» Data provided
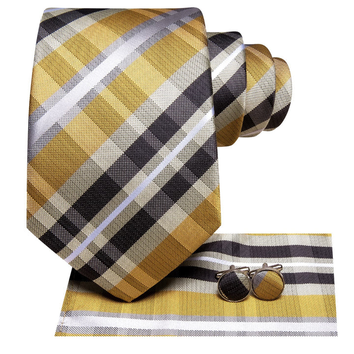 Ties2you Silk Tie Yellow Black Striped Mens Tuxedo Dress Tie Pocket Square Cufflinks Set
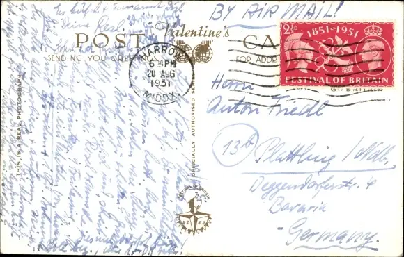 Zustand, siehe Scan, gelaufen, 1951 - ca 14 cm X 9 cm
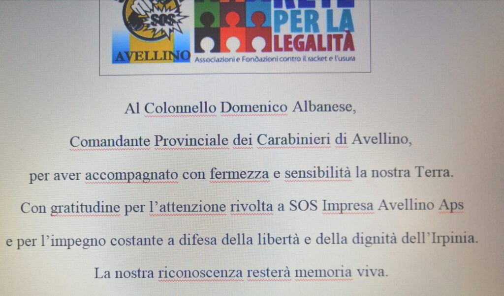 Avellino, 22 agosto 2025 – SOS Impresa Avellino – Rete per la Legalità esprime un sentito ringraziamento al Colonnello Domenico Albanese, che si appresta a concludere il suo incarico alla guida del Comando Provinciale dei Carabinieri di Avellino.
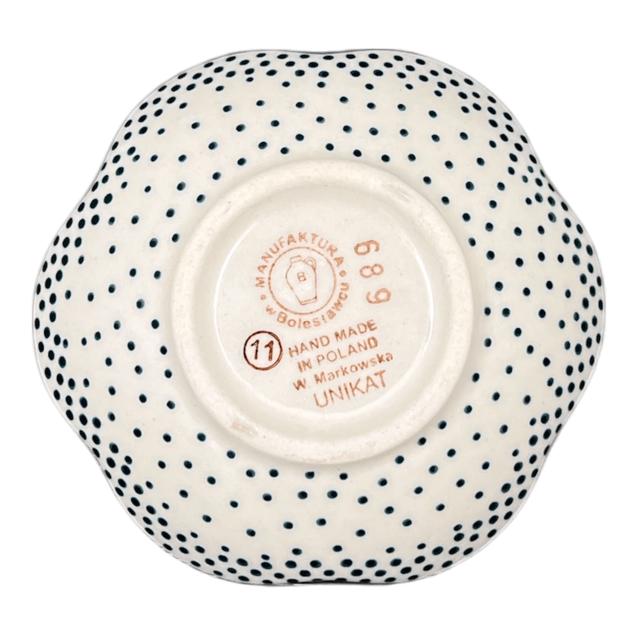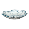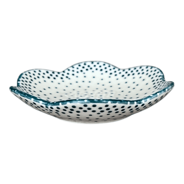 Discover the charm and elegance of the Polish Pottery Bowl, a delightful addition to your home decor. Crafted by the skilled artisans of Manufaktura in the picturesque town of Boleslawiec, Poland, this shallow, scalloped bowl dazzles with its "Misty Green" pattern. The design features a serene white backdrop sprinkled with tiny green dots, bordered by a dotted green rim that adds a whimsical touch. At a cozy size of 4.25 inches wide and 1 inch tall, this bowl is perfect as a jewelry dish, a unique candle holder, or simply as an eye-catching piece on your bookshelf. Its versatile design and compact dimensions make it an ideal candidate to beautify any corner of your home.

» Exercise description
This exercise calls for the complete listing, returned exactly and without images.

» Response to this task
 Ties2you Silk Tie Yellow Black Striped Mens Tuxedo Dress Tie Pocket Square Cufflinks Set
 Zustand, siehe Scan, gelaufen, 1951 - ca 14 cm X 9 cm
 Avellino, 22 agosto 2025 – SOS Impresa Avellino – Rete per la Legalità esprime un sentito ringraziamento al Colonnello Domenico Albanese, che si appresta a concludere il suo incarico alla guida del Comando Provinciale dei Carabinieri di Avellino.
 Discover the charm and elegance of the Polish Pottery Bowl, a delightful addition to your home decor. Crafted by the skilled artisans of Manufaktura in the picturesque town of Boleslawiec, Poland, this shallow, scalloped bowl dazzles with its "Misty Green" pattern. The design features a serene white backdrop sprinkled with tiny green dots, bordered by a dotted green rim that adds a whimsical touch. At a cozy size of 4.25 inches wide and 1 inch tall, this bowl is perfect as a jewelry dish, a unique candle holder, or simply as an eye-catching piece on your bookshelf. Its versatile design and compact dimensions make it an ideal candidate to beautify any corner of your home.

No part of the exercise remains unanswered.